Он пошевелил черные, хрупкие от жара металлические трубки, бывшие в прошлой жизни инвалидной коляской.

– Мать неходячая, а вот еще, – капитан протянул руку, но не решился дотронуться до того места, где ранее у живой Ирины была шея, – это янтарь оплавился. В Кенигсберге видел такое, в сорок пятом.

– Запаковывайте, – приказал муровец.

Останки вынесли; теперь эксперты работали, упаковывая разного рода обуглившиеся фрагменты, чтобы не исчезли следы, фотографируя остатки каких-то журналов, книг, документов, отбирая пробы тошнотворного месива, в которое превратились заботливо собираемые припасы.

– А где ж мой летеха многомудрый? – Макаров озирался в поисках участкового, но Чередников, который только-только тут находился, куда-то делся.

…Шурика выворачивало так, как никогда в жизни. Все-таки одно дело – морг, туда входишь подготовленным, воспринимаешь то, что лежит на полках, с номерками на синих пятках, не как людей, а уже как неодушевленное. Свидетеля, что ли, который может что-то поведать, а то и обличить преступника. В общем, там все было по-другому, а не так, как тут, когда вскрывают черные доски, и оттуда, из угольной преисподней, вырывается отравляющий смрад стылого мяса и выносят на рогожках такое… ма-а-а-ленькое, черненькое, то, что осталось от красавицы в цвете лет, доброй старухи, молчаливой заботливой няньки.

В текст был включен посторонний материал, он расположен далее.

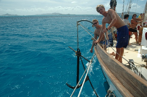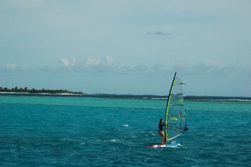 After awakening from our first night on anchor watch, we completed our exam for the Basic Keelboat certification, and we all passed. We are now officially sailors. After lunch, we departed from Union Island to go to the Tobago Cays. The entire time, I was mesmerized by the pristine waters and clear skies. Mike went up to the crow’s nest to spot a shallow reef as we approached the Tobago Cays. Upon arriving in the Cays, some of the crew got to try windsurfing while others explored one of the islands in the Cays. I truly have to say this is my favorite place we’ve been so far and one of the most beautiful locations I have ever been to in my life.

Вроде пустой желудок был, рвало уже всухую, и больше всего Саша боялся того, что кто-то услышит его истошную икоту и заглянет в эту купу боярышника и жасмина, который он порядком загадил. Накатился следующий приступ, Чередников в полном бессилии, утирая выступившие слезы, от неловкости вслух пробормотал:

– М-м-м-мать, когда ж все это кончится?..

И услышал ответ, краткий и по делу:

– А как привыкнешь – так и тотчас.

Артист Волков, собственной персоной, протягивал ему уже знакомую флягу:

– На вот, рот ополосни. Эк как тебя, болезный. Столичный, что ли?

– Д-да… – Чередников глотнул, к горлу подкатило, но – о, чудо! – волна погасила волну, мутить стало куда меньше.

– Оно и видать. Я-то ленинградец, и не такое видал, после такого хоть в Освенцим, хоть в Хиросиму – ничем не удивишь, – просто так пояснил Волков, не выпендриваясь. – Да-а-а, дела невеселые у нас. Мягко говоря, паскудные дела. И капитану вашему не позавидуешь: насколько я понял, он, бедолага, на пенсию намылился. Придется отложить.

– Чего вдруг. Так дело-то не мы будем вести, – уже куда более окрепшим голосом заметил Саша. – К сожалению…

– Как знать, как знать, – вроде бы равнодушно говорил артист, и Чередникову почему-то казалось, что он исподтишка как бы разглядывает его, оценивает. Взгляд у него вроде бы светлый, открытый, а вот так наставит свои зрачки – и точно в дуло заглядываешь.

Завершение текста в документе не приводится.